=== Task brief ===
In this exercise, the entries below include pictures. Repeat exactly the lines from the line with "さいたま市 緑彩ガーデン株式会社です。さいたま市浦和区Kさま 除草作業の後" to the line with "Rare colonial engraving", including both, but without the pictures.

=== Information ===
____
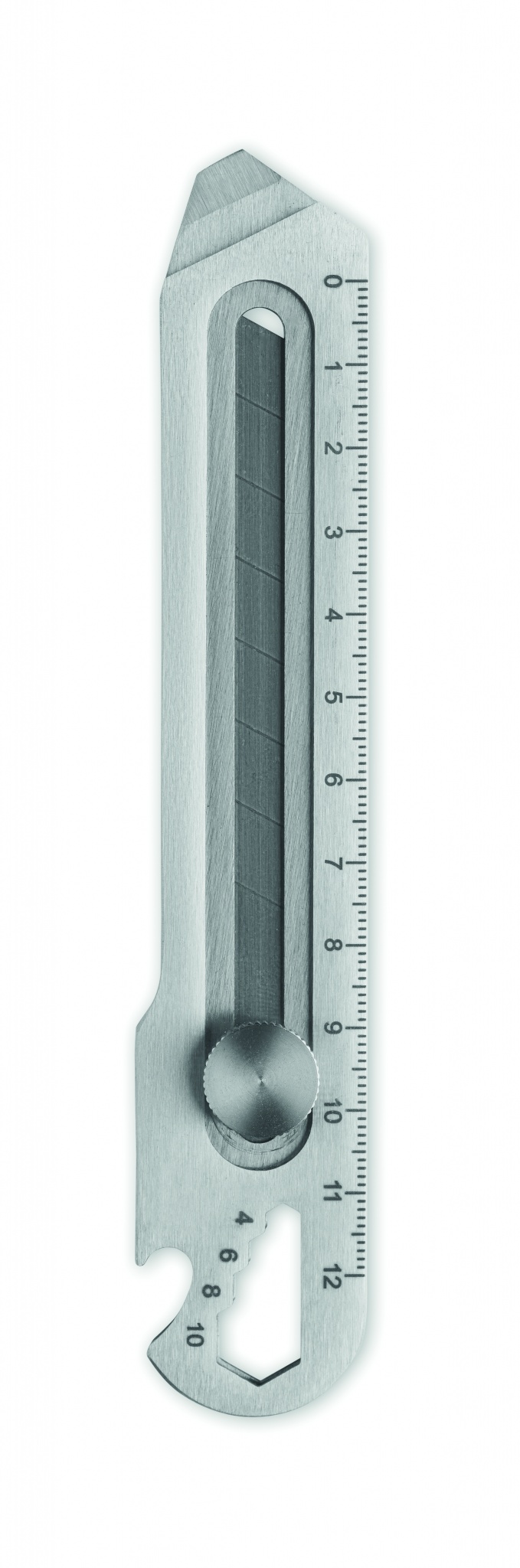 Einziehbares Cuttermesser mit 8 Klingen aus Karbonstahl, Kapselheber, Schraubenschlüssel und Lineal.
____
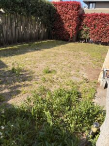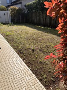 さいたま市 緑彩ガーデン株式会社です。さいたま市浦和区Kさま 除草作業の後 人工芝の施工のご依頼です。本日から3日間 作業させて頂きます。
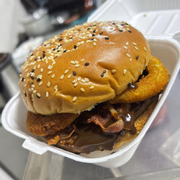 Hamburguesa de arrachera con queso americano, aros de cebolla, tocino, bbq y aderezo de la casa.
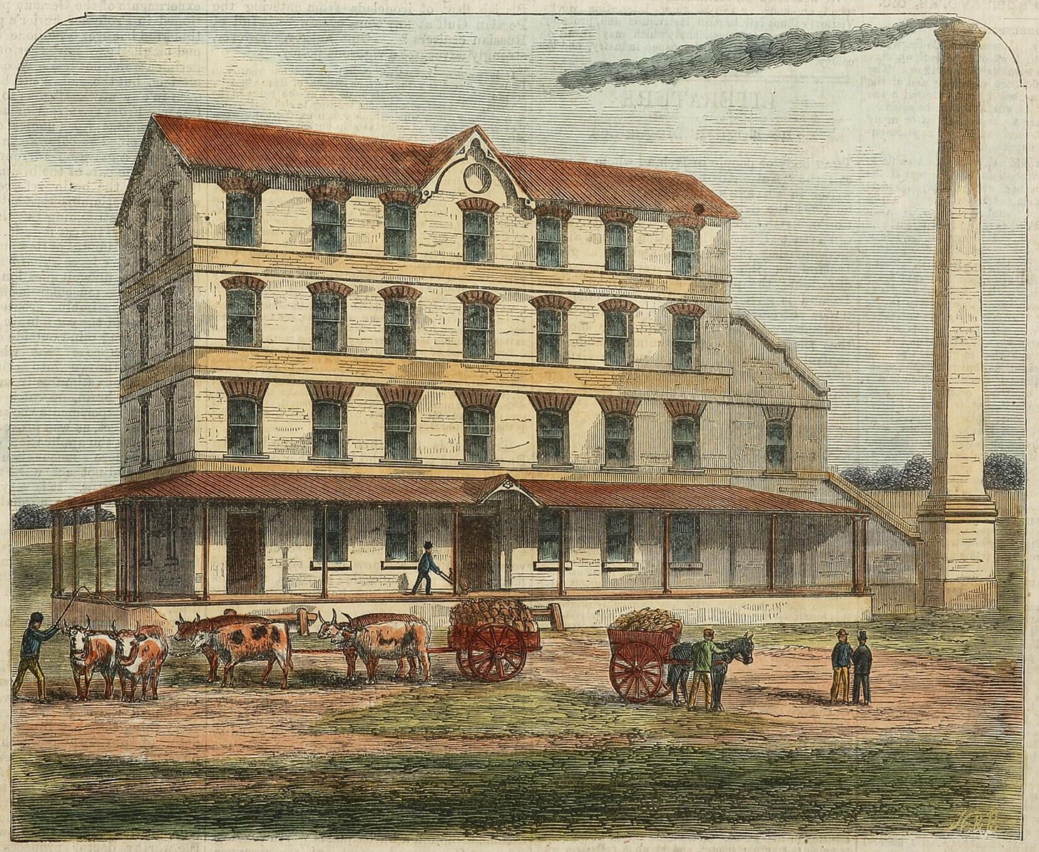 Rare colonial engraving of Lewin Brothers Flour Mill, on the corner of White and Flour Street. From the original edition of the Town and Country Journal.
____
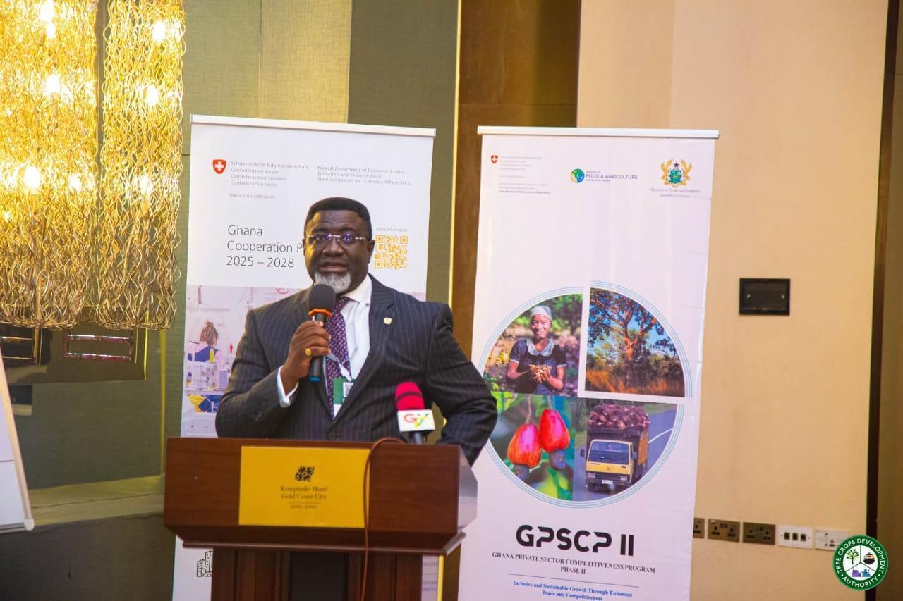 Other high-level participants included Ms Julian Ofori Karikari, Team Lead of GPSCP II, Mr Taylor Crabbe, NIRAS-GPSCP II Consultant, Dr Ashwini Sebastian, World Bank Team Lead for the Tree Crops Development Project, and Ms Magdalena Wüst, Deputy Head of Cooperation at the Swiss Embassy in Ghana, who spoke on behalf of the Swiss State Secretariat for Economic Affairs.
____
=== Output for this task ===
 さいたま市 緑彩ガーデン株式会社です。さいたま市浦和区Kさま 除草作業の後 人工芝の施工のご依頼です。本日から3日間 作業させて頂きます。
 Hamburguesa de arrachera con queso americano, aros de cebolla, tocino, bbq y aderezo de la casa.
 Rare colonial engraving of Lewin Brothers Flour Mill, on the corner of White and Flour Street. From the original edition of the Town and Country Journal.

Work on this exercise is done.